Anonymous 0 Comments

Suppose you’re writing a grocery list. Your list initially says this:

I need to get 6 eggs
I need to get 2 liters of soy milk
I need to get 2 liters of almond milk
I need to get 1 pound of ground beef

There’s a lot of repetition in there, right? A smart compression algorithm would recognize that, and might render it like this:

I need to get
6 eggs
2 liters of soy milk
2 liters of almond milk
1 pound of ground beef

An even better compression algorithm might be able to further improve things:

I need to get
6 eggs
2 liters of
soy milk
almond milk
1 pound of ground beef

This is basically what compressing a file does. You take information that’s repeated multiple times and remove that repetition, replacing it with instructions on how to put it back when you need to reconstruct the original content.

Anonymous 0 Comments

I like the text examples

One for movies or animations is where they only save what changes between the frames. So if you have 100 frames all black, change them to one black frame and set it so that it takes up the same length of time as the 100 frames did. If you have a shot with blue sky, and it doesn’t change because all the action is going on in the lower half of the frame, save the blue part of the frame and lengthen it/draw it out the same way as was done with the black, once something moves, only then do you have something you need to keep. This can be done for 10000 frames in a row, or it can be done if there are 2 frames with only 10% of the screen the same as the one before it.

Anonymous 0 Comments

Basically compression makes some rules that you can use to re create (uncompress) the file.

In the most basic case, imagine you have a text file that for some reason is like 1,000,000 ‘a’ characters. Instead of storing all 1million, you can store something like ‘1000000a’ which saves a lot of space.

If you had 1000 ‘a’ characters followed by 1000 ‘b’ characters, you might compress the file by writing it as ‘1000a1000b’.

The steps you follow (in this case to count the number of same characters in a row) is called the compression algorithm. There are many different compression algorithms that have different characteristics (for example if you want to compress video or text or audio).

Now in our example, we can recreate exactly the information we started with from our compressed file (it would be pretty useless if we couldn’t read the text after we uncompressed it right?). These are called lossless algorithms.

There are also lossy algorithms, which compress stuff, but you can’t get the exact original back. So for example, let’s say you have the data 123456689. We can write that (approximately) as the formula x=y and then when we uncompress, we would get 123456789 which is almost the same as the original.

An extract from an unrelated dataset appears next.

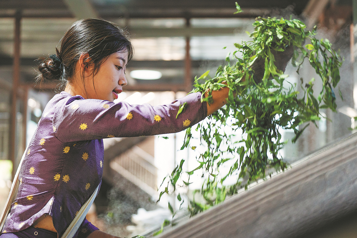 Ye Xiang, a member of the Dai ethnic group, processes raw tea leaves in a factory in Jingmai Mountain, Yunnan province, in September. HU CHAO/XINHUA
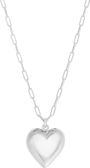 An elegant paper-clip chain necklace features a polished heart pendant for added romantic charm.

Examples of lossy compression are jpeg, where the compressed images are less clear than the original (maybe more pixelation, or the colours aren’t the same etc.)

There are many different compression algorithms, suited to different purposes and data types (images, text, audio, video etc), and they can be quite complicated mathematically.

Anonymous 0 Comments

Compressing and uncompressing a file is like translating a book into a different language, except you make up the language based on what’s in the book. To make files smaller, you have your new language use very short words for the most common words or phrases in the original language, and longer words for the uncommon ones. Then you have to make the dictionary that translates back to the original language, or figure out rules so that you can construct the dictionary, and then the compressed file is the translated file plus the dictionary.

In most cases the compression method (or translation) is chosen to be very good for “normal” files, but bad for “uncommon” files that you generally wouldn’t encounter. Mathematically you can’t have a one-to-one translation that converts every possible combination of letters into a shorter form, because then some combinations would have the same translation and you wouldn’t know which one was the original when you translate it back. If you don’t need *exactly* the original file because it’s something like a picture, you can have a translation that is always shorter, but in general if you try to compress an already compressed file it doesn’t get smaller.